### [TRY IT]
Repeat the listing exactly. Pictures stay out of your copy.

### [GIVEN MATERIAL]
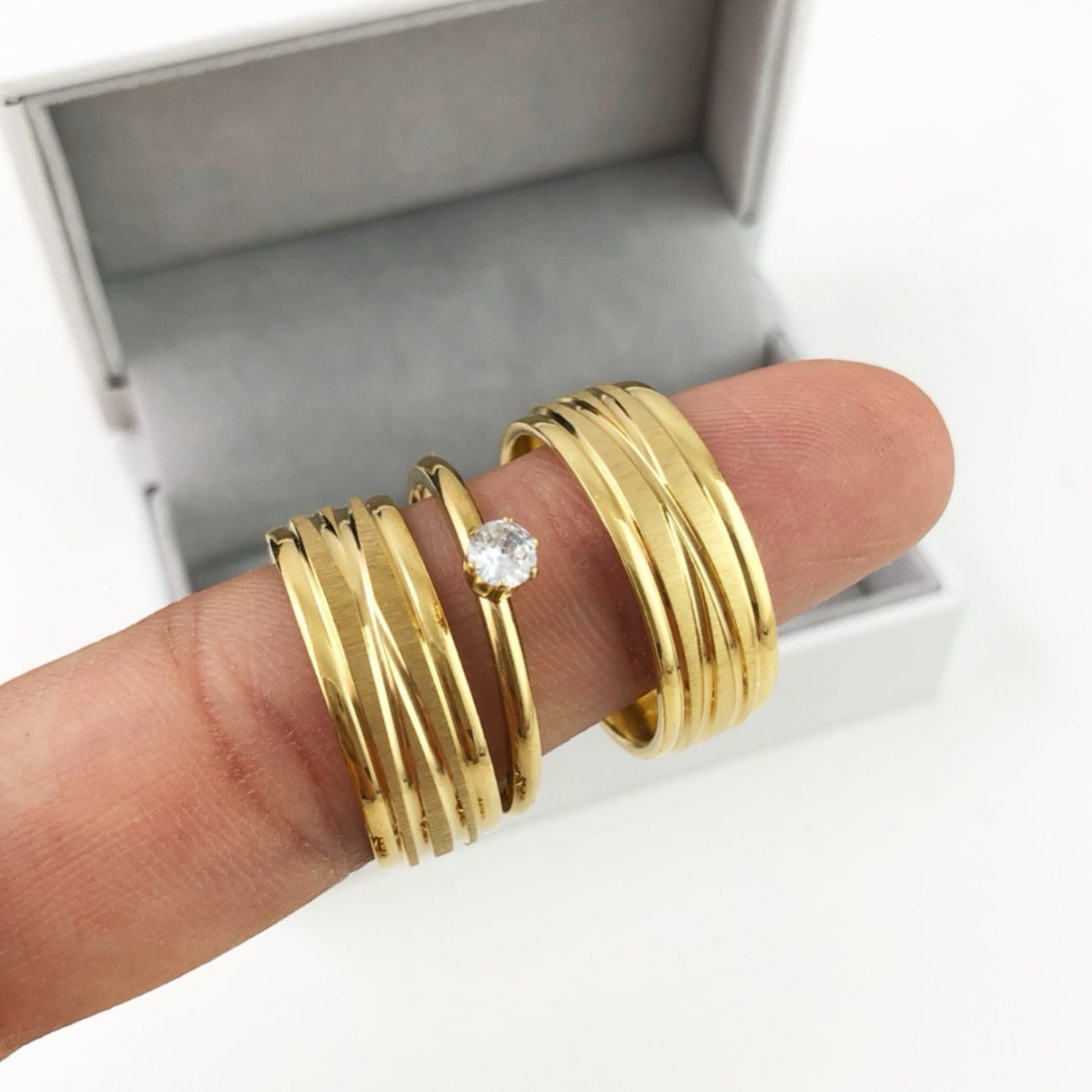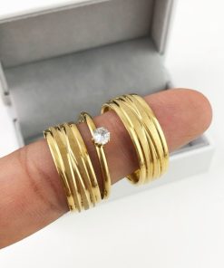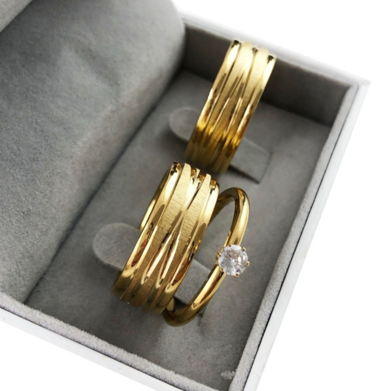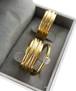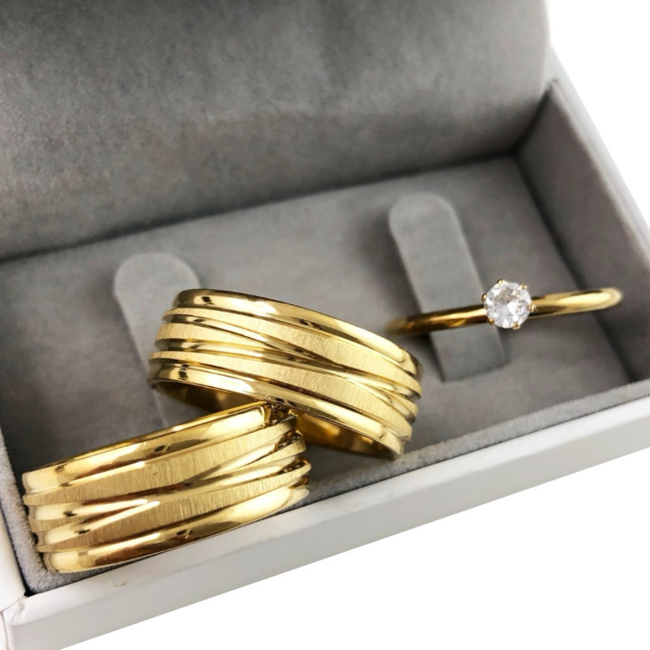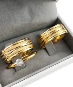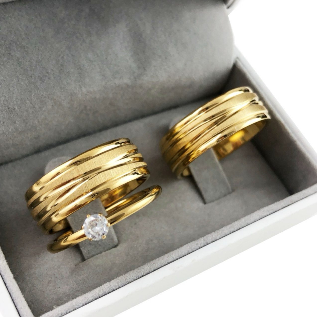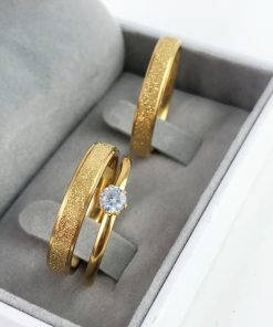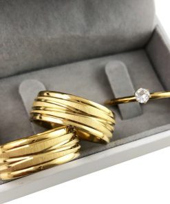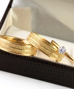 Par De Alianças Aço Cirúrgico Banhado A Ouro 18k – 8mm – Fosco Com Linhas Cruzadas
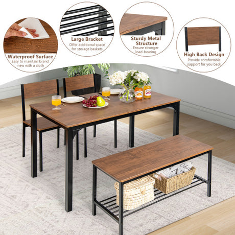 4 Piece Dining Table Set with Bench and 2 Chairs-Brown
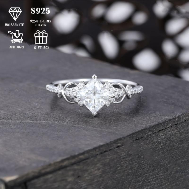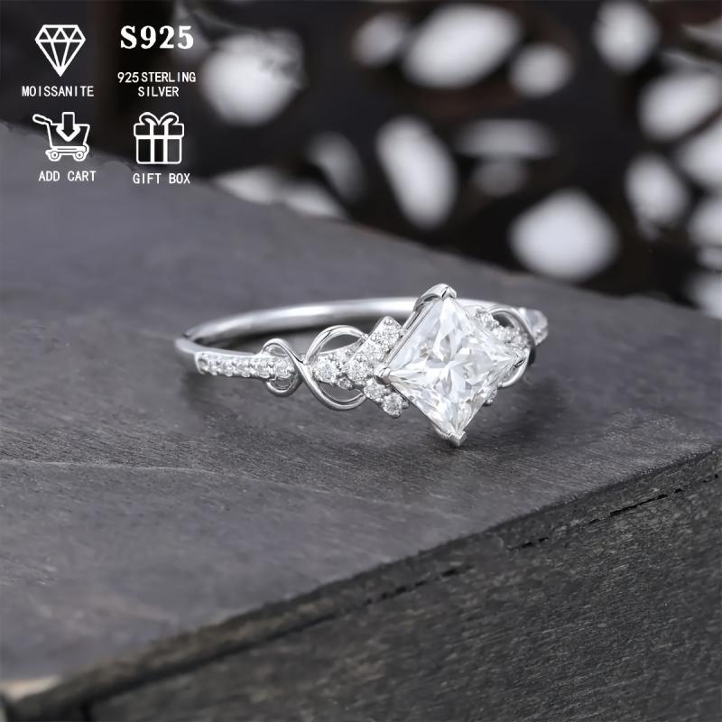 This stunning ring features a 1ct princess square moissanite set in S925 silver. Perfect for women and men as a promise ring.
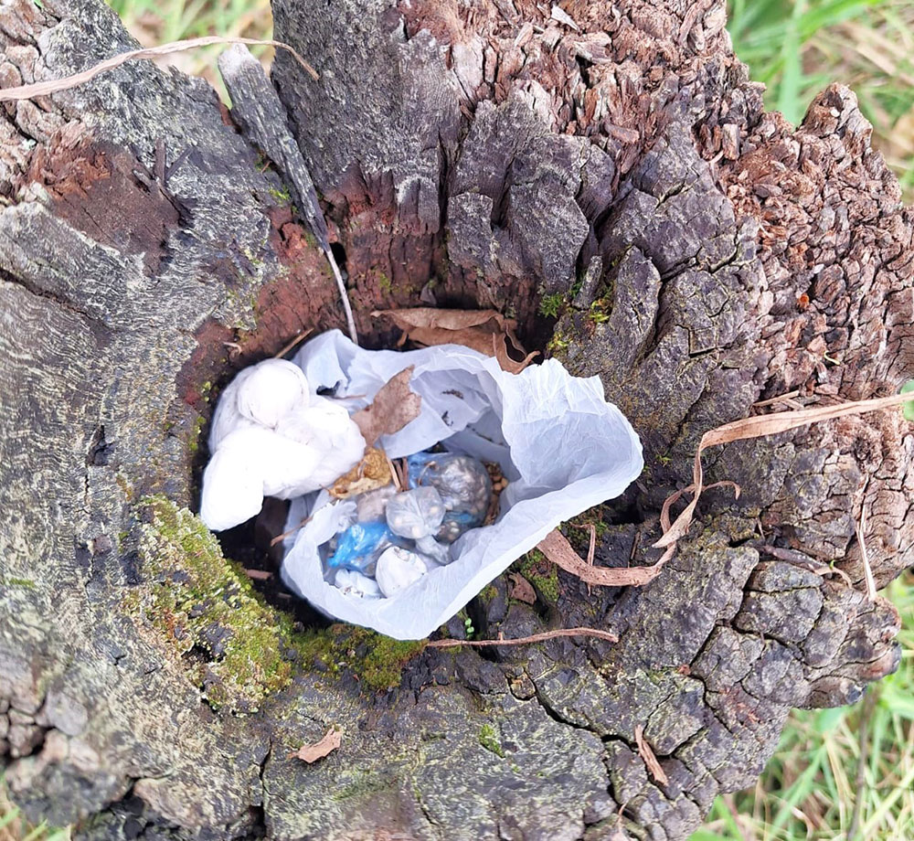 HALLAZGO. En un viejo tronco, varias horas después de la requisa, apareció “la bolsa”.

### [OUTPUT FOR THIS EXERCISE]
 Par De Alianças Aço Cirúrgico Banhado A Ouro 18k – 8mm – Fosco Com Linhas Cruzadas
 4 Piece Dining Table Set with Bench and 2 Chairs-Brown
 This stunning ring features a 1ct princess square moissanite set in S925 silver. Perfect for women and men as a promise ring.
 HALLAZGO. En un viejo tronco, varias horas después de la requisa, apareció “la bolsa”.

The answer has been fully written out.